The folks selling mega-sodas at food courts and fast-food drive-thrus are not very sweet on New York Mayor Michael Bloomberg’s plan to trim hometown waistlines by banning sugary drinks larger than 16 ounces at city dining establishments.
The International Franchise Association weighed in on the debate this week, submitting comments to the New York City Board of Health opposing the ban. The IFA contends the proposal “would do nothing to reduce obesity” and could result in negative economic consequences.
"Limiting the sale of beverages to consumers will do nothing more than force small-business franchise restaurant owners to raise prices on other items to account for the loss in sales, or worse yet, consider laying off workers, and neither option is a good option," Judith Thorman, IFA's senior vice president of government relations and public policy, said in a letter to the board.
Restaurant owners also would be forced to purchase additional equipment or spend money on remodeling — operating costs that "will be significant and borne by thousands of businesses," Thorman said.
The rule, she added, is "draconian."
The IFA, part of New Yorkers for Beverage Choices, a coalition opposed to the ban, says franchise businesses support more than 784,000 jobs and $46 billion in economic output in New York State.

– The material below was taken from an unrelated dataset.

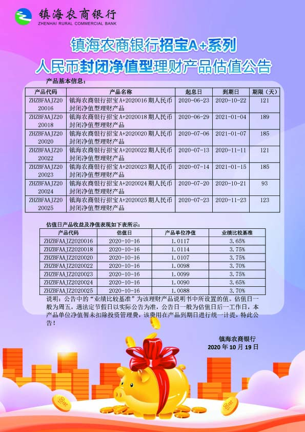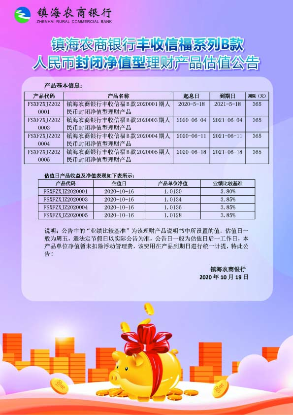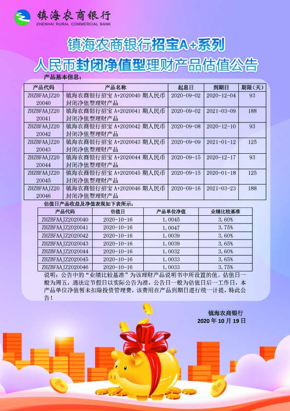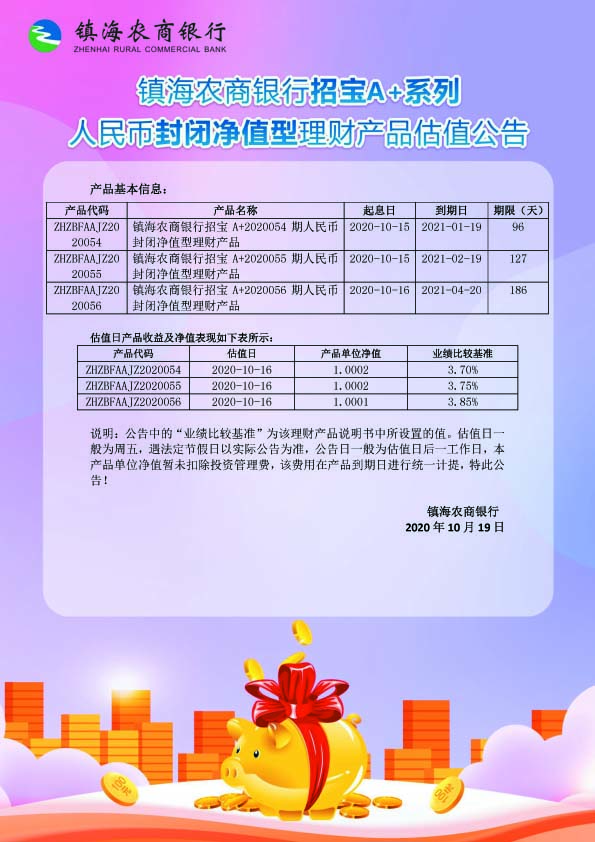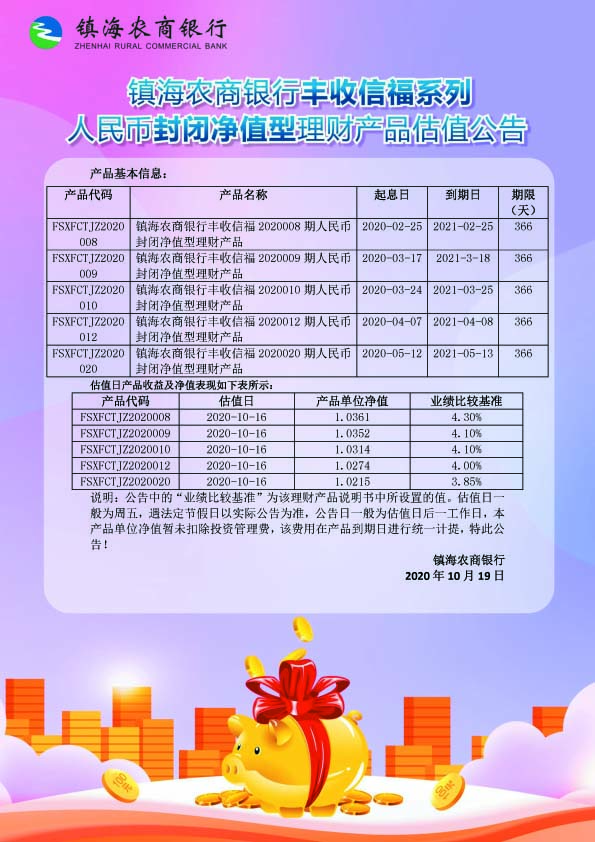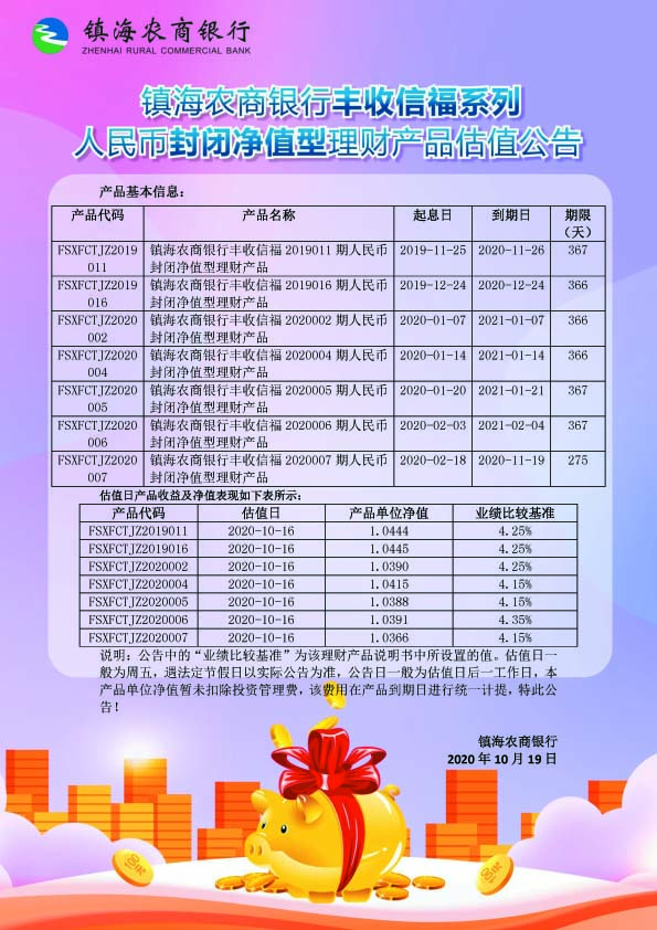 理财产品估值公告(20201019)

Arguments over the issue were aired at a public hearing Tuesday, with Brooklyn Borough Chief Marty Markowitz saying it was his overindulgence in pasta, pastrami, bagels and other foods — not sugary drinks — that made him overweight.
Health advocates link sodas and other sugary drinks to obesity, which is tied to heart disease, stroke, diabetes, cancer and considered a cause of psychosocial problems.
The Los Angeles Timesreported recently that more than 100 health organizations and city health departments and more than two dozen scientists made those points in a letter asking the U.S. surgeon general to report on sugar-sweetened drinks.
The New York board is scheduled to vote on the proposal in September. If approved, it would take effect six months later.